▶ What you are asked to do:
Nothing but the lines below from the one with "In the model" through the one with "mit MSC-Lachswürfeln und" should be output, each exactly as given, and no pictures.

▶ Data supplied:

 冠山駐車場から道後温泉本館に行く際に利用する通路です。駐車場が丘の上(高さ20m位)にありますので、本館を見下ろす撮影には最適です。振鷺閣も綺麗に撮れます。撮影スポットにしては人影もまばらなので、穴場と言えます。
* * *
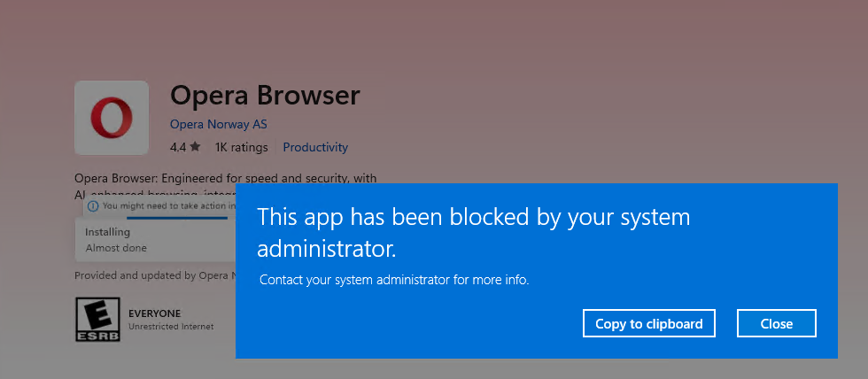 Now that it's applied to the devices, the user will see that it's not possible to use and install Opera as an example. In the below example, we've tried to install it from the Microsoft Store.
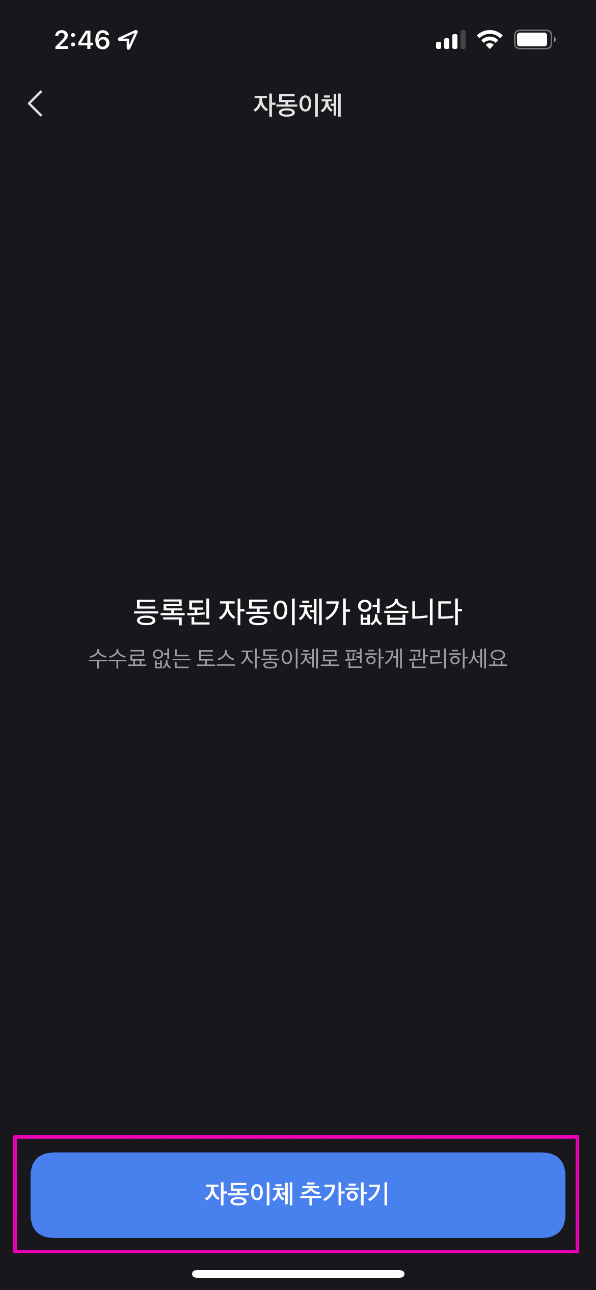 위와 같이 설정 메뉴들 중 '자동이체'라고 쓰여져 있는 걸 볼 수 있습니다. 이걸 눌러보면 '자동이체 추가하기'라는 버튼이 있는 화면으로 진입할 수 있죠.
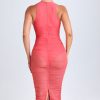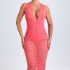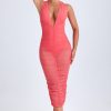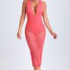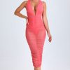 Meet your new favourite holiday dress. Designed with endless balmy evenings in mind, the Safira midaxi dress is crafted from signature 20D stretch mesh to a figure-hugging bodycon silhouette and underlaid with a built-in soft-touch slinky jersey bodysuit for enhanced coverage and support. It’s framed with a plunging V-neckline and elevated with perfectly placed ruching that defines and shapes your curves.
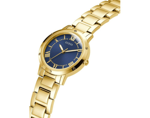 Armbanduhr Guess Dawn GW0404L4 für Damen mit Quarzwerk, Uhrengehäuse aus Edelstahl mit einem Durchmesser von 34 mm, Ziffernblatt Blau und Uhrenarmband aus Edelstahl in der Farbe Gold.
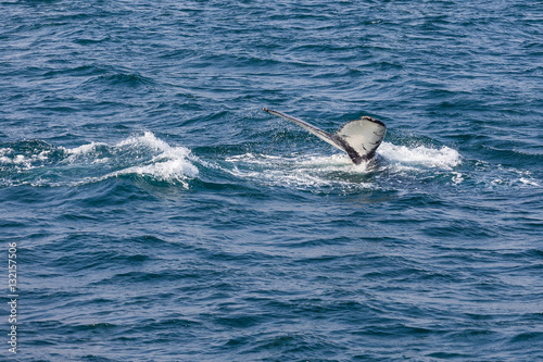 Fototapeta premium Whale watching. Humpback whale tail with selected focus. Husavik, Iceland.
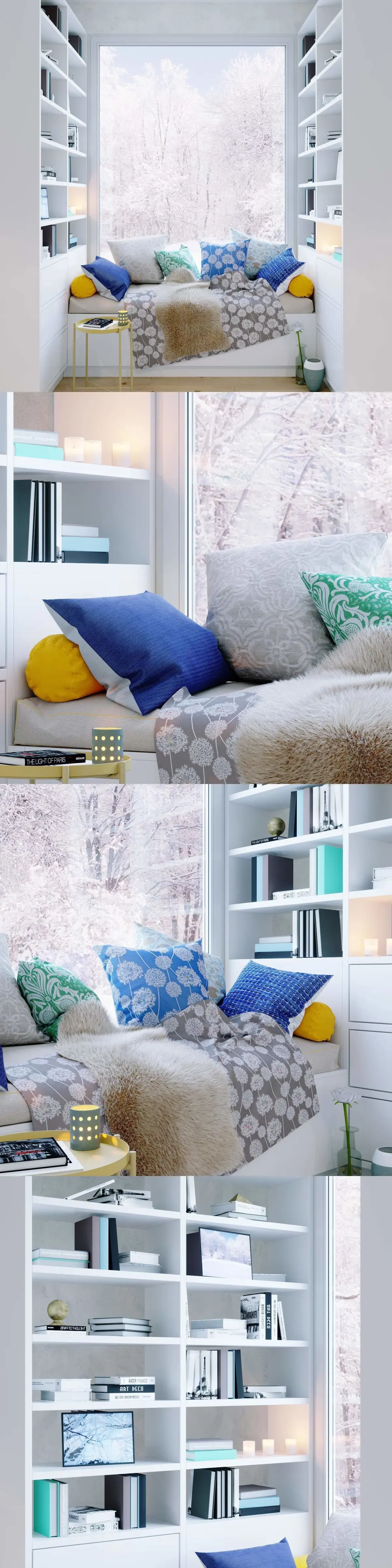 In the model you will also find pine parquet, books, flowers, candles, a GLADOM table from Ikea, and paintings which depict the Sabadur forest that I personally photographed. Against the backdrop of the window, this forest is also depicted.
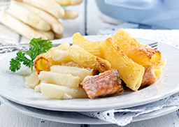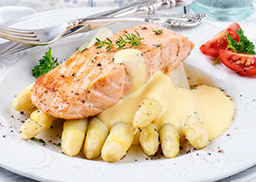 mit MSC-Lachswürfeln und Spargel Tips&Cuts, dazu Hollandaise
--
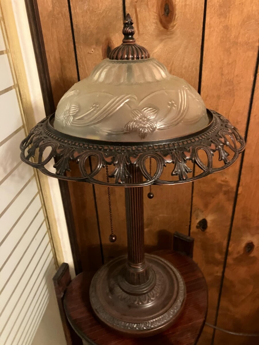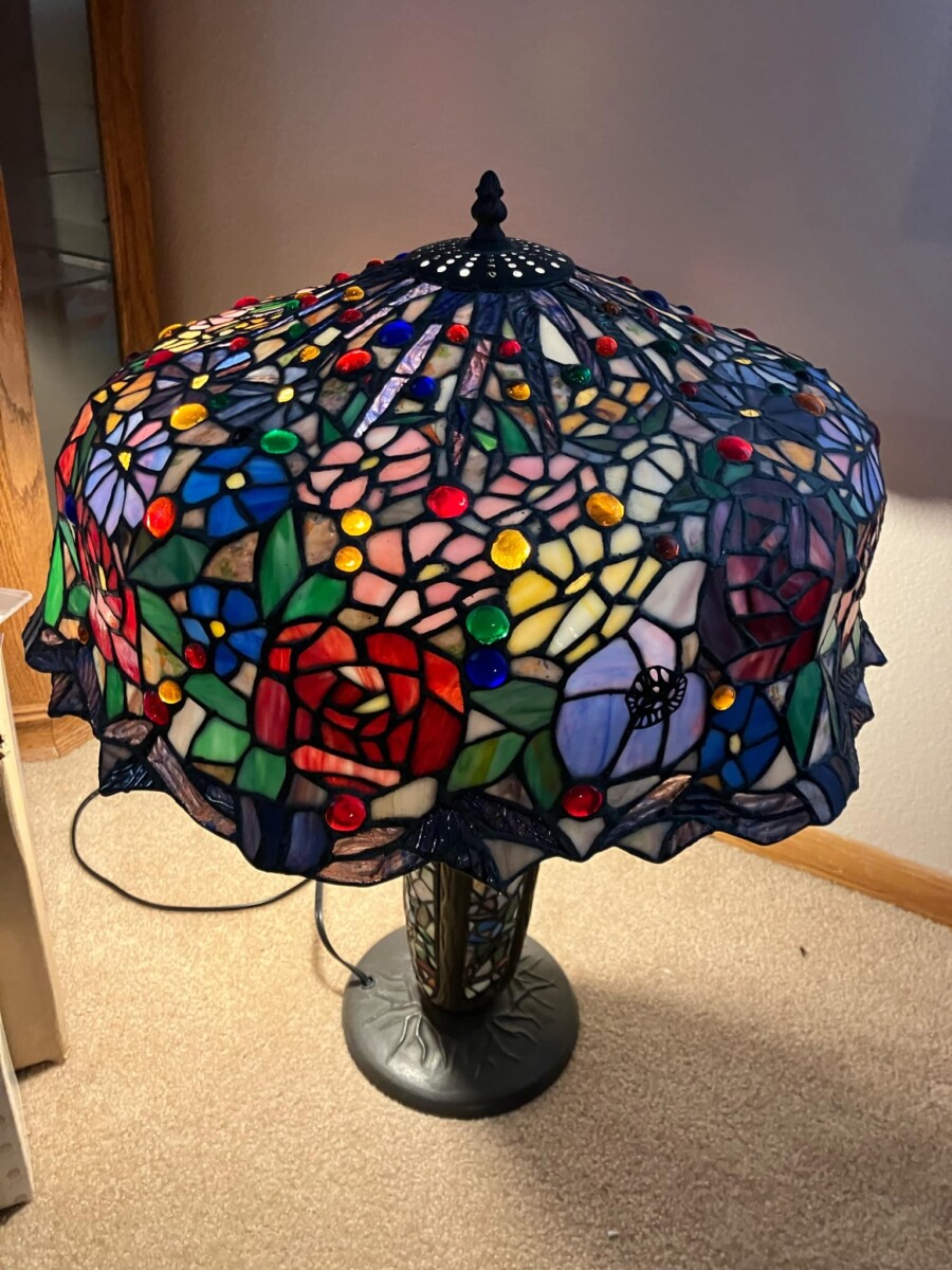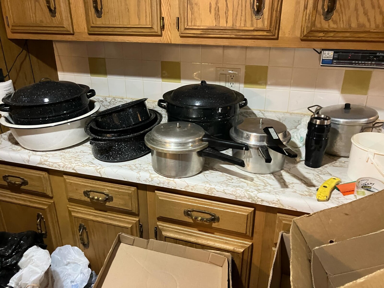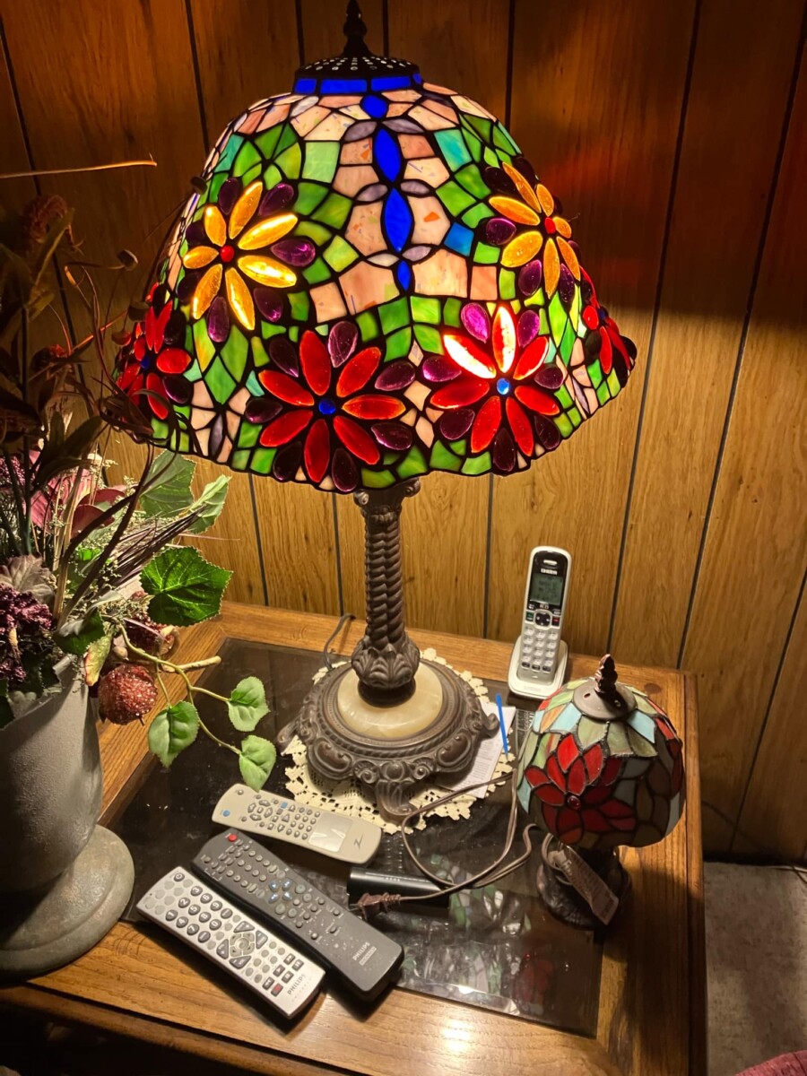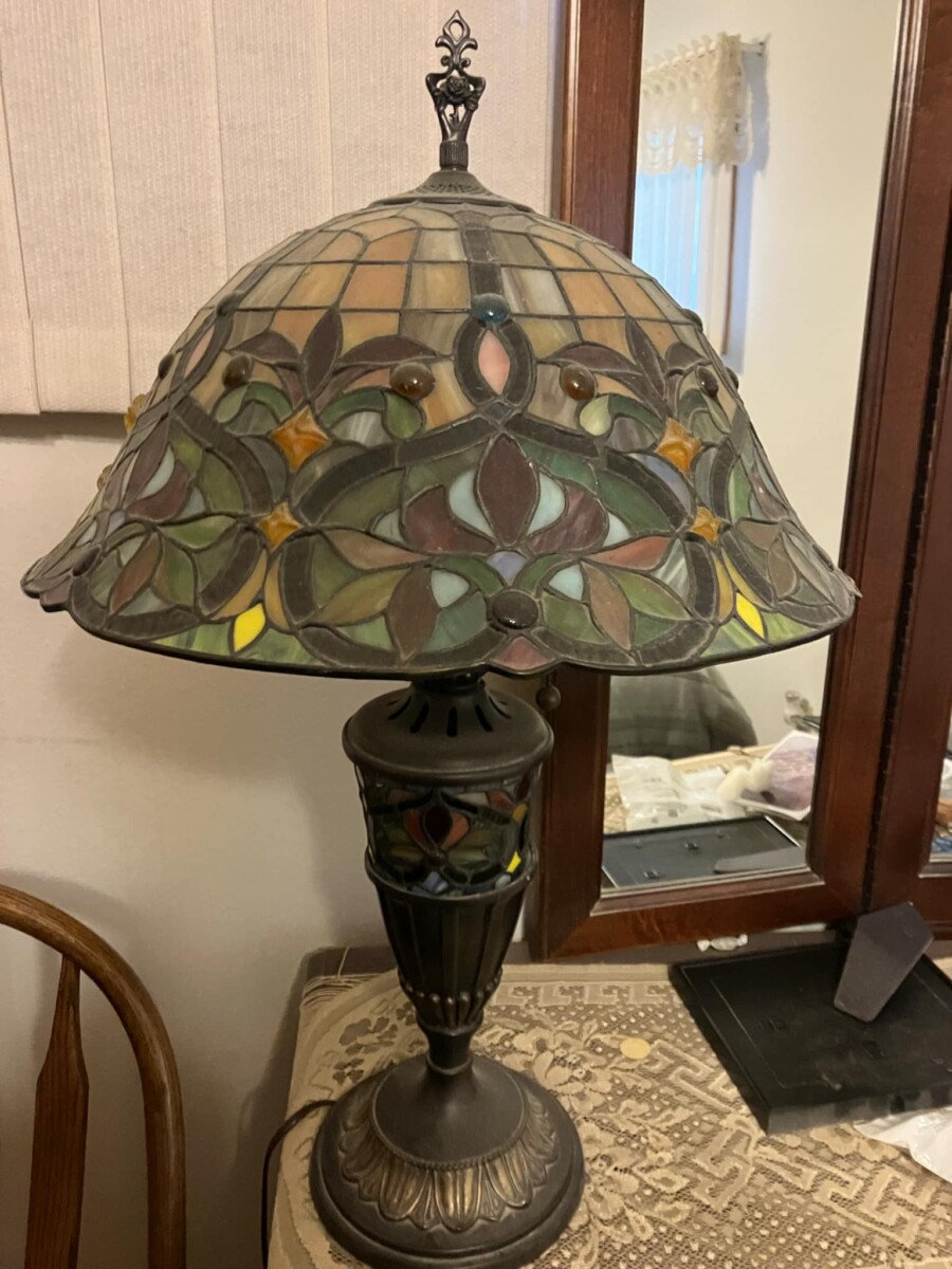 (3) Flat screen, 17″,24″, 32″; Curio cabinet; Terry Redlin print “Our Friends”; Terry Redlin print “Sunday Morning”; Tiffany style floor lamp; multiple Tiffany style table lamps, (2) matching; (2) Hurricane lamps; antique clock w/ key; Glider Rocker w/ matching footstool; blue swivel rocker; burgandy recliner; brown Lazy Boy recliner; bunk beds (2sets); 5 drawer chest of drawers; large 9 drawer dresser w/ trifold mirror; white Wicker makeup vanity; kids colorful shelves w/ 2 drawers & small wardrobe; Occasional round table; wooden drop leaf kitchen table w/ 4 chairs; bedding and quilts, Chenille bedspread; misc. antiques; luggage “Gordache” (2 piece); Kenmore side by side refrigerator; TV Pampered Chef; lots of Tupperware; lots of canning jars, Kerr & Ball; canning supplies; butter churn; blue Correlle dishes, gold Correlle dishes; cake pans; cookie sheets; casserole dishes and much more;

▶ Finished task:
 In the model you will also find pine parquet, books, flowers, candles, a GLADOM table from Ikea, and paintings which depict the Sabadur forest that I personally photographed. Against the backdrop of the window, this forest is also depicted.
 mit MSC-Lachswürfeln und Spargel Tips&Cuts, dazu Hollandaise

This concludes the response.